STUDY MATERIAL >>
++++++++++

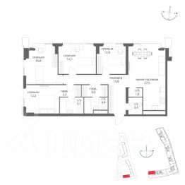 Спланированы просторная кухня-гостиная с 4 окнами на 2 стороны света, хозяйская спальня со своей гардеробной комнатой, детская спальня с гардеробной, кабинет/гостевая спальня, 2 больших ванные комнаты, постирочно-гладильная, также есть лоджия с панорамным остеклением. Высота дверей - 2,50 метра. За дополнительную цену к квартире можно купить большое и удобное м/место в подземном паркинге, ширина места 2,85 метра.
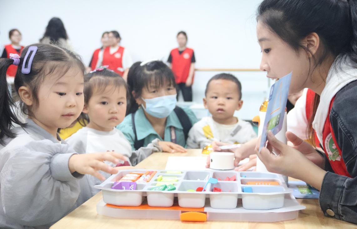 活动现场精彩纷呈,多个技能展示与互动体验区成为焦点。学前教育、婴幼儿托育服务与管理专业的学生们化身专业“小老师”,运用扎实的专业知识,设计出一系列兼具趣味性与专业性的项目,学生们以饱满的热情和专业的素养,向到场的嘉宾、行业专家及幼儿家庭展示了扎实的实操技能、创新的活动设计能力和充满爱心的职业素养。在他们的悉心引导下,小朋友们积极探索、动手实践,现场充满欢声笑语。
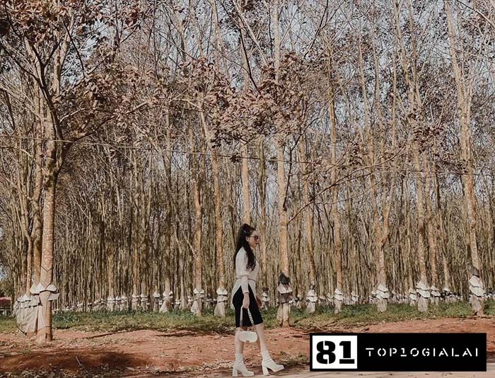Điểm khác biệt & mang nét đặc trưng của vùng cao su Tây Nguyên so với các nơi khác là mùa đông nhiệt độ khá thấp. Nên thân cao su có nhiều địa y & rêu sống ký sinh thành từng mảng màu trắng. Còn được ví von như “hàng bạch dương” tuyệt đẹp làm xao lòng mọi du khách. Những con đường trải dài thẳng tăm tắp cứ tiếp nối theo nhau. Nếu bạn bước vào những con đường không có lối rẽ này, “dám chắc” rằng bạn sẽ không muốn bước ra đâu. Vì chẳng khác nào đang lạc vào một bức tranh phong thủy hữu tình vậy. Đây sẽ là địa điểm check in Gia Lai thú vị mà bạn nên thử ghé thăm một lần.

++++++++++

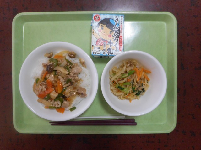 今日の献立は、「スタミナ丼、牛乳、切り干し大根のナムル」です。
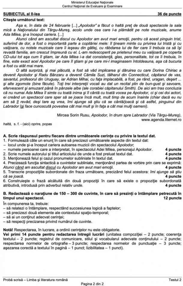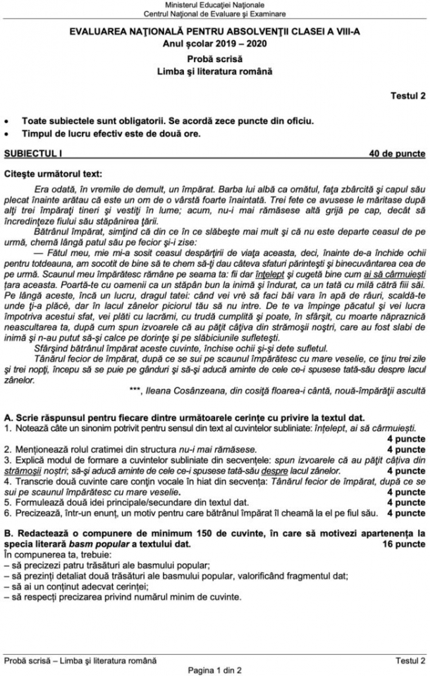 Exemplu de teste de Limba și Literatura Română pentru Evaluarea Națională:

++++++++++

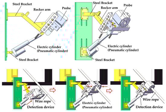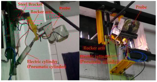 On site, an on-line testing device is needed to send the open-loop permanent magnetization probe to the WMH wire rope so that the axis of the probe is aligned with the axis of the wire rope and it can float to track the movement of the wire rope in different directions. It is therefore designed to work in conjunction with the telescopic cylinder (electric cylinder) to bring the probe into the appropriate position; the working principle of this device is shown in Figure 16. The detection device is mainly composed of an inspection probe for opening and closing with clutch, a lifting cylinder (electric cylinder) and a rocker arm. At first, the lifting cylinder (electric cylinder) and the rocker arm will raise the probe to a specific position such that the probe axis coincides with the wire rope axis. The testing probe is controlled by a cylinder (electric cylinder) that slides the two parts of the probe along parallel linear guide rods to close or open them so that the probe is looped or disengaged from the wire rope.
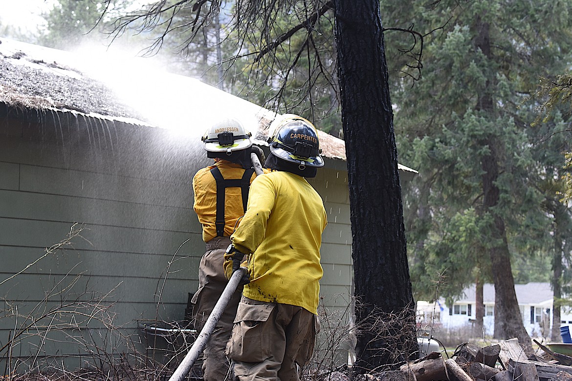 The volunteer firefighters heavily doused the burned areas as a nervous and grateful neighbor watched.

++++++++++

Start with the line above containing "活动现场精彩纷呈,多个技能展" and end with the line containing "Điểm khác biệt". Set down that stretch exactly, without any pictures.

ANSWER TO THIS PROBLEM >>
 活动现场精彩纷呈,多个技能展示与互动体验区成为焦点。学前教育、婴幼儿托育服务与管理专业的学生们化身专业“小老师”,运用扎实的专业知识,设计出一系列兼具趣味性与专业性的项目,学生们以饱满的热情和专业的素养,向到场的嘉宾、行业专家及幼儿家庭展示了扎实的实操技能、创新的活动设计能力和充满爱心的职业素养。在他们的悉心引导下,小朋友们积极探索、动手实践,现场充满欢声笑语。
Điểm khác biệt & mang nét đặc trưng của vùng cao su Tây Nguyên so với các nơi khác là mùa đông nhiệt độ khá thấp. Nên thân cao su có nhiều địa y & rêu sống ký sinh thành từng mảng màu trắng. Còn được ví von như “hàng bạch dương” tuyệt đẹp làm xao lòng mọi du khách. Những con đường trải dài thẳng tăm tắp cứ tiếp nối theo nhau. Nếu bạn bước vào những con đường không có lối rẽ này, “dám chắc” rằng bạn sẽ không muốn bước ra đâu. Vì chẳng khác nào đang lạc vào một bức tranh phong thủy hữu tình vậy. Đây sẽ là địa điểm check in Gia Lai thú vị mà bạn nên thử ghé thăm một lần.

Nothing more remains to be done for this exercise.